Читать книгу Японская кукушка, или Семь богов счастья - Татьяна Герден - Страница 5
Часть первая
4
ОглавлениеПервый год в гимназии стал для меня сплошным кошмаром. Хотя гимназическая форма мне очень нравилась – мундир с блестящими пуговицами и синяя фуражка с чёрным козырьком, – все надо мной подсмеивались, сбивали фуражку, и мне часто приходилось поднимать её с пыльного пола или того хуже – из грязи, если это происходило на прогулке после дождя, и, как соседские мальчишки в Талашкине, мои однокашники по гимназии не пропускали ни одной возможности надо мной подшутить. Они подкладывали мне под подушку дохлых жаб, стаскивали с меня одеяло, когда я спал, и всячески старались унизить меня, кто как только мог.

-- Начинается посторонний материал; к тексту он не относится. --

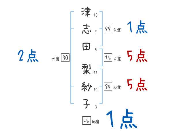 人運![]() | 津志田梨紗子さんの人運は16画の5つ星!人望が厚く大きく発展する。逆転成功が見える。 性格や才能などを表す2番目に重要な運勢です。人間関係や協調性、社会的な成功に影響します。主に20歳から50歳ぐらいまでの中年期の運勢を表します。 |
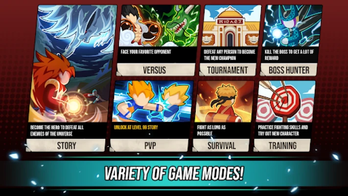 🚩 Versus mode: In addition to the traditional fighting mode, Super Stickman Dragon Warriors also introduces new team fighting modes for you to enjoy with your friends. Matches can also be included in the tournament to find the strongest team and win the biggest rewards.
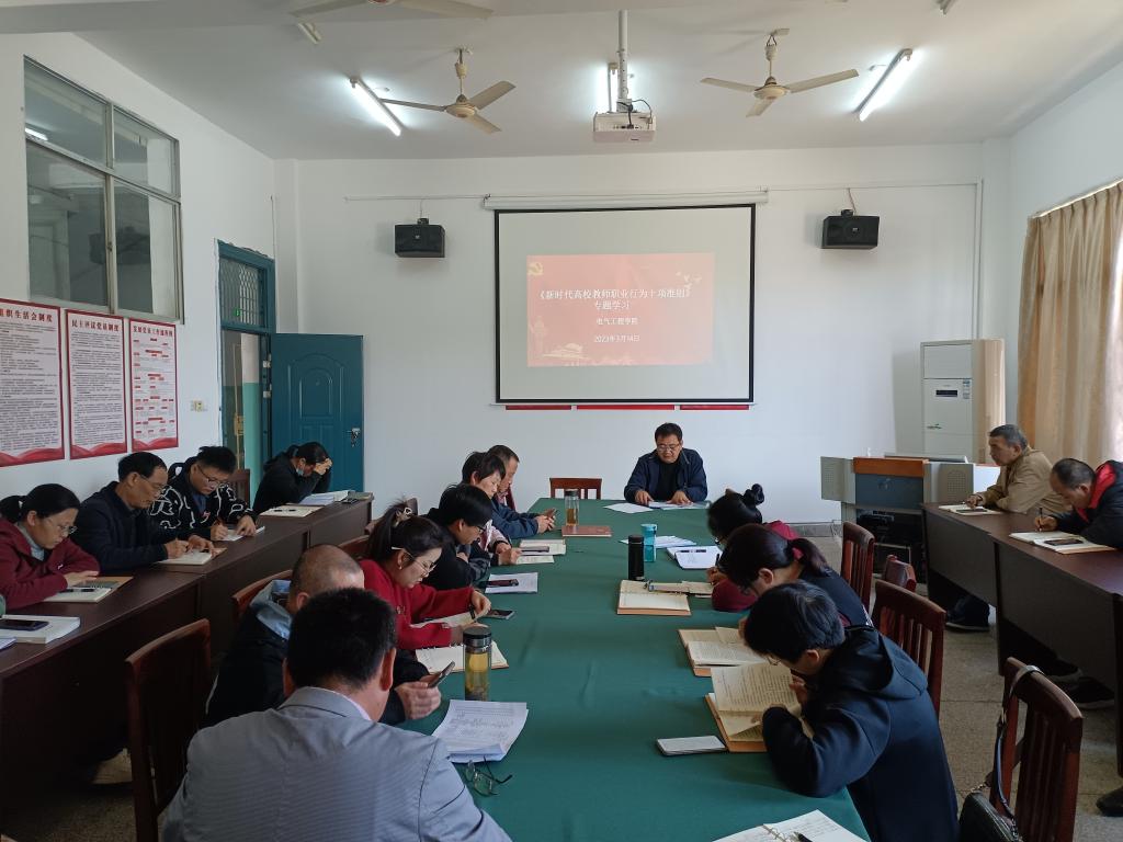 3月14日下午,在明辨楼102党员活动室,电气工程学院开展《新时代高校教师职业行为十项准则》专题学习会议。会议由分院党支部书记刘绍彬主持,全体教师参加。
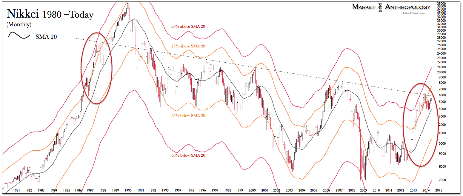 Right on cue with our equity cycle comparative with Japan – circa 1996, the events in Portugal last week helped extend the recent pivot lower in Spain’s equity markets, from what we expect was a cyclical high for the index in June. While the initiatives taken by the ECB over the past year pave the way towards additional stimulus in Europe, we do not believe it will be enough to overcome market conditions already stretched – both on an absolute basis and from a comparative perspective with deflation’s most recent prisoner.
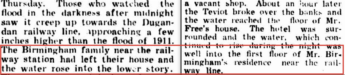The photograph below shows the family home around the time of the 1893 flood, well before Ned purchased the house and business from Charlie Vincent, when Teviot Brook had broken its banks.
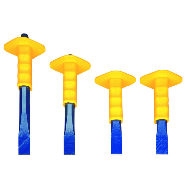 Manufactured to the highest safety standards, individually forged from high quality alloy steel. The alloy content in these makes them ideal for all types of metalworking and masonry applications and also increases wear resistance significantly. The precisely ground cutting edge is induction hardened (52 – 58 HRC) to give improved performance over longer periods of time. Hardness at the striking end is maintained to under 42 HRC, so that the head will not splinter when subject to hammer blows. The shank is powder coated and cutting edge is accurately ground. Octagonal Chisels are used for general work on cutting and chipping of metals, and shaping, facing and cutting of stonework. The extra long chisels are useful for all cutting and shaping jobs where extra length is required. As per the standard cold chisels but with strong impact proof polypropylene hand guards. These are designed to protect the user’s hands from misplaced hammer blows.
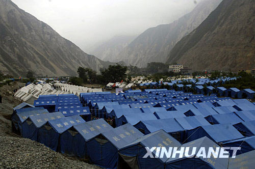 这是6月18日拍摄的汶川县最大的紧急避险安置点——绵虒镇板桥村紧急避险安置点。6月18日,四川汶川县绵虒镇板桥村安置点安置了5000多名从山上紧急撤离下来的群众,以防范次生灾害的威胁。由于汶川县紧急避险采取“边撤退,边搬迁,先入住,后完善”的方法,这里的设施正在逐步完善,以期达到小区生活标准。 新华社记者 海明威 摄
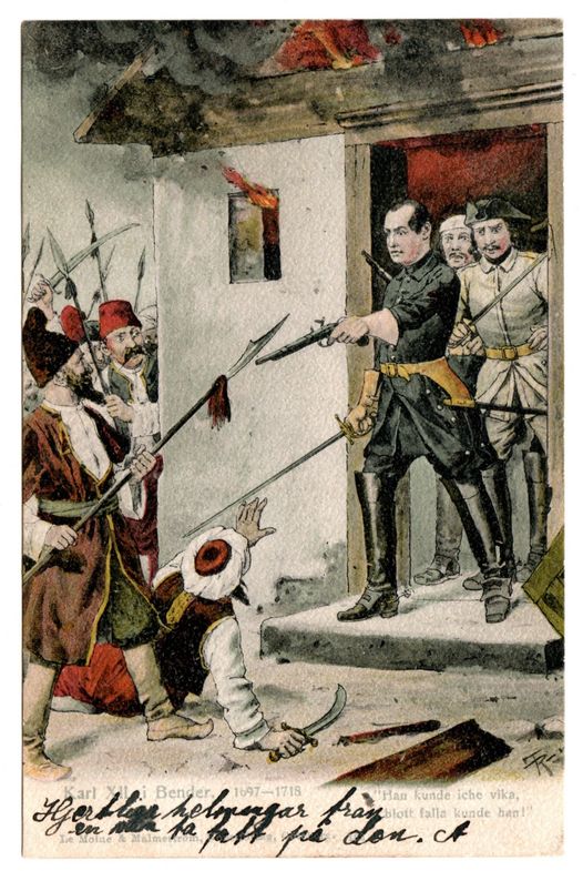 1 februari 1713 – Den osmanske sultanen Ahmed III har nu tröttnat på att ha den svenske kungen Karl XII och hans närmaste soldater boende i staden Bender som sina gäster (vilket de har gjort sedan flykten efter slaget vid Poltava 1709) och efter flera försök att övertala honom att lämna landet försöker han nu med våld. Tillsammans med ett 40-tal karolinersoldater håller kungen stånd mot 600 turkiska soldater i flera timmar i vad som går till historien som kalabaliken i Bender, innan han snavar på sina sporrar och blir tillfångatagen. Avvisningen av svenskarna blir emellertid inte av, men året därpå lämnar Karl XII självmant Osmanska riket och beger sig hem mot Sverige.
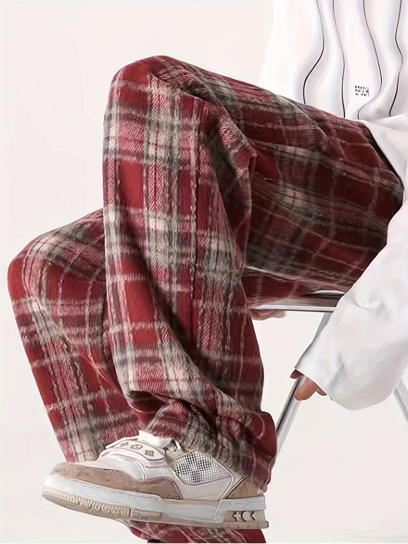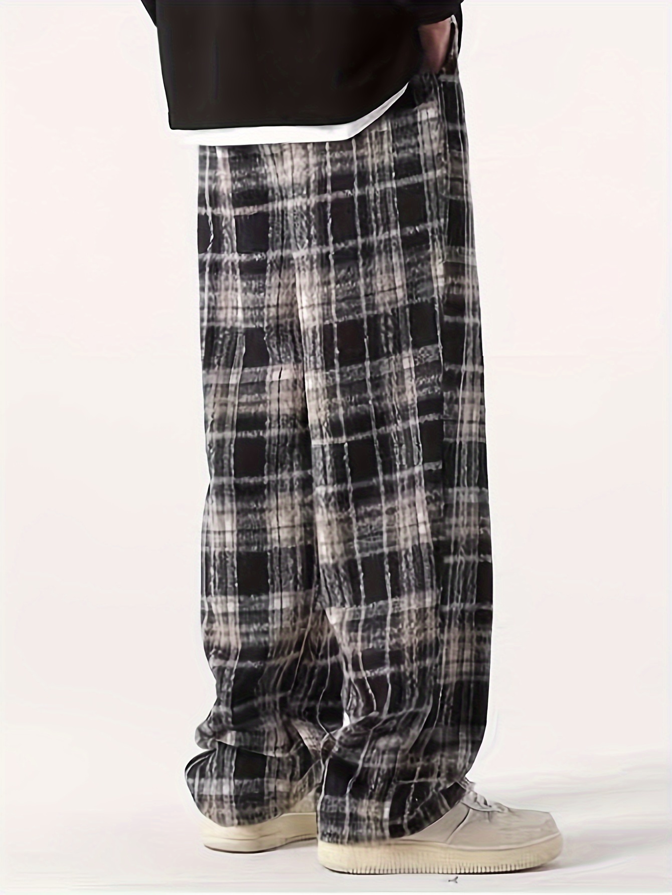 Men's Loose Fit Plaid Trousers, Breathable Comfort, Drawstring & Pockets
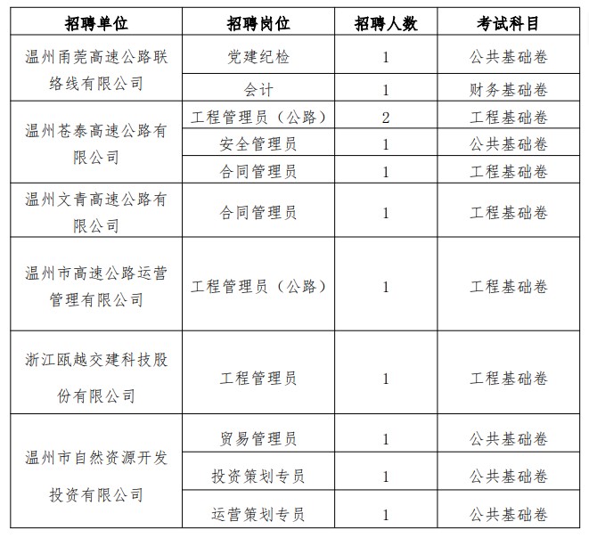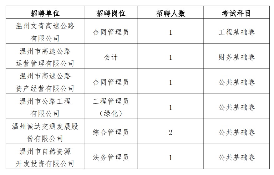 温州市交通发展集团有限公司关于开展2025年员工公开招聘笔试的公告
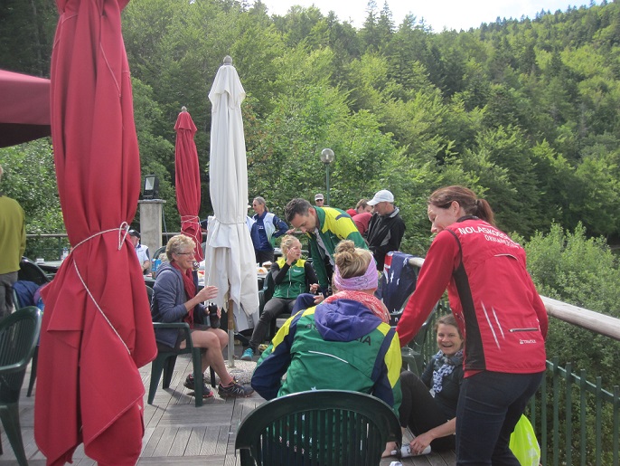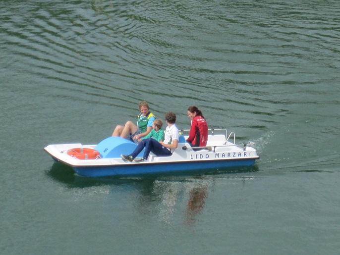 Yesterday (Thursday) was a rest day for the WOC teams but it was an opportunity for the other Aussies to experience the WOC Long terrain on day four of the Five Days of Italy event being held in conjunction with WOC. After this we were invited by the WOC team to an afternoon tea at their team hotel on the south side of Lago Lavarone. A very pleasant and peaceful environment beside this picturesque lake. Toph and Lachie were the captains of the paddle boat entertaining Linus Quayle (who says that he was the captain) while the rest of us enjoyed coffee and cakes on the balcony overlooking the lake. A very nice occasion and the team seemed very relaxed about the challenges of the next two days.
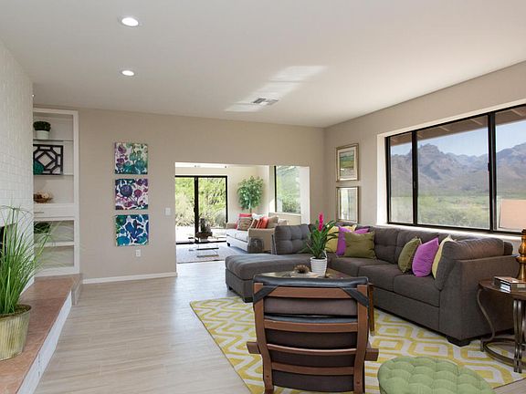 TAR Home Tour Winner! Amazing Catalina & Rincon Mountain views from this beautifully updated home.The spacious living room with fireplace flows into the den or formal dining room. The open kitchen boasts a large island with eating bar & casual dining are that opens to a covered patio. Tranquil master suite opens to a brick patio at the rear with a large walk-in closet & bath with soaking tub & separate glass-enclosed shower.The kitchen & baths contain new cabinetry, granite & quartz countertops & custom tile work with marble accents. Major systems updated, including new plumbing, wiring & ducting and hot water heater. Work permitted and done by licensed contractors. Voluntary $65 annual HOA fee gives access to private Wes Miller Park. District 16 schools. One owner is licensed agent.
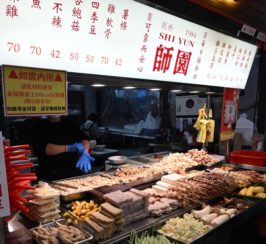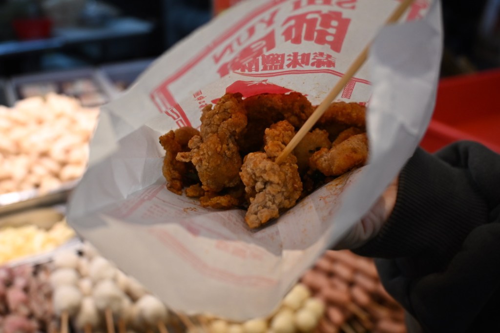 This shop has been here since 1984, selling amazing quality Taiwanese Fried Chicken – and also fried anything else you see in this picture – tofu, sausages, chicken necks and feet, thin chicken escalopes, veggies, corn, King Oyster mushrooms, cabbage, beans, meat patties, offal… you name it, they have it and will fry it!
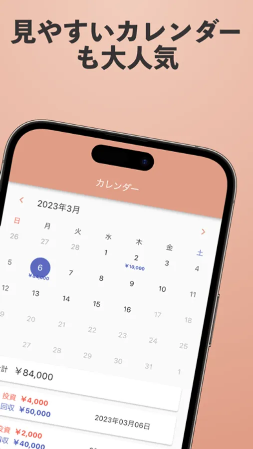 カレンダーを使用して収支を表示することができます。
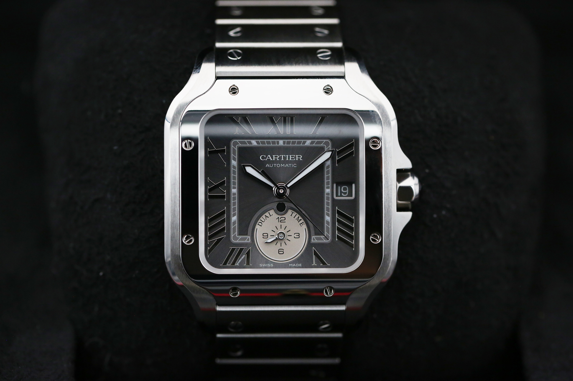 Here we have the Santos De Cartier Dual Time – Grey Sunray
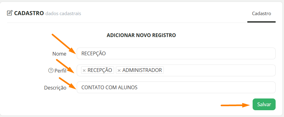 * Perfil: Insira o perfil, ou perfis, de acesso que serão atribuídos às tarefas.
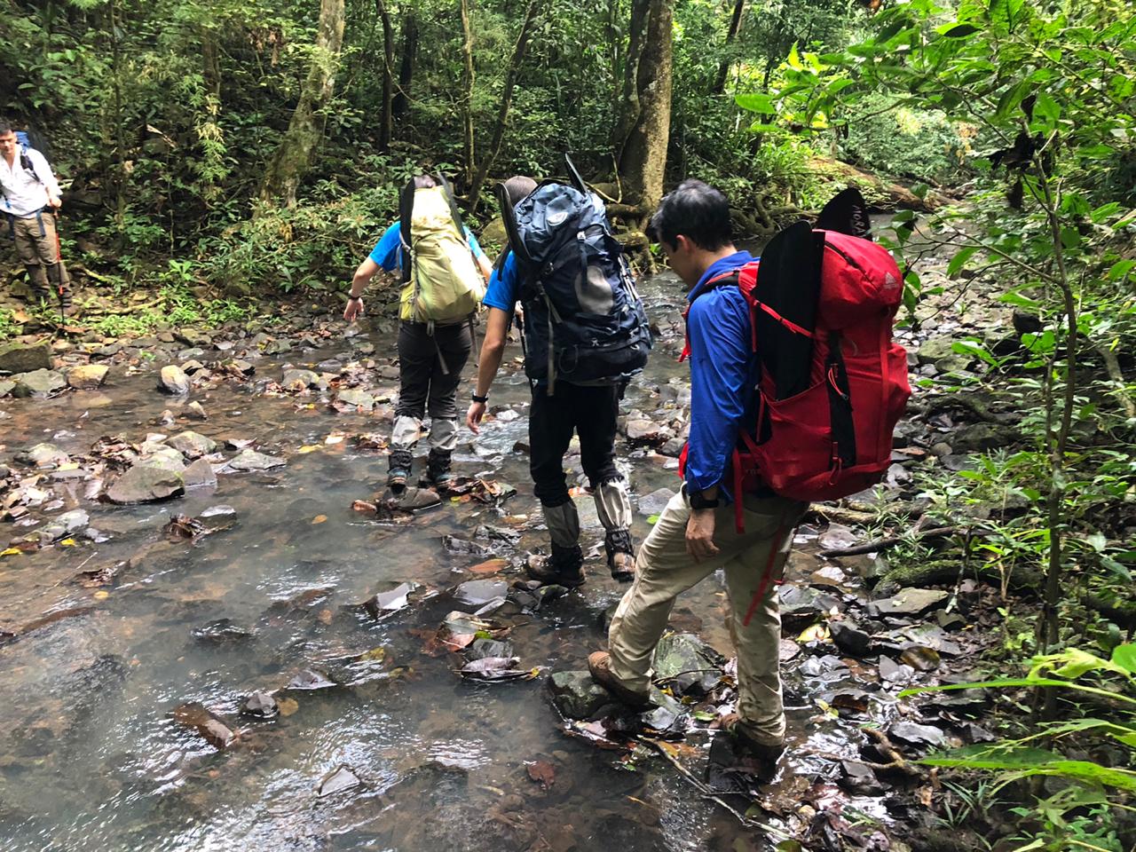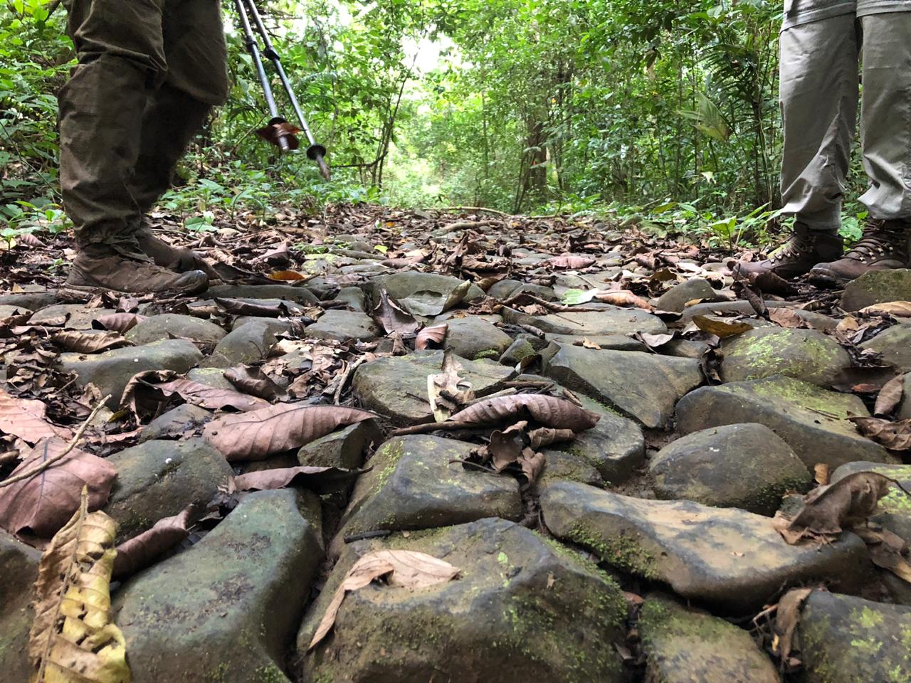The hike entails 12Km walking on irregular jungle terrain (some loose cobblestone, as well as tree roots and branches) and 3.5Km paddling on a packraft. Sturdy footwear and good ankles are necessary, as well as sun protection.

Здесь меня тоже называли япошкой, басурманом и почему-то чернорылкой, хотя моё лицо было бледнее некоторых из них, но вскоре, после отчаянной драки, за которую меня посадили в карцер на добрых три дня, ко мне прочно приклеилась новая кличка – японская кукушка, которую часто для удобства сокращали до слова «якушка».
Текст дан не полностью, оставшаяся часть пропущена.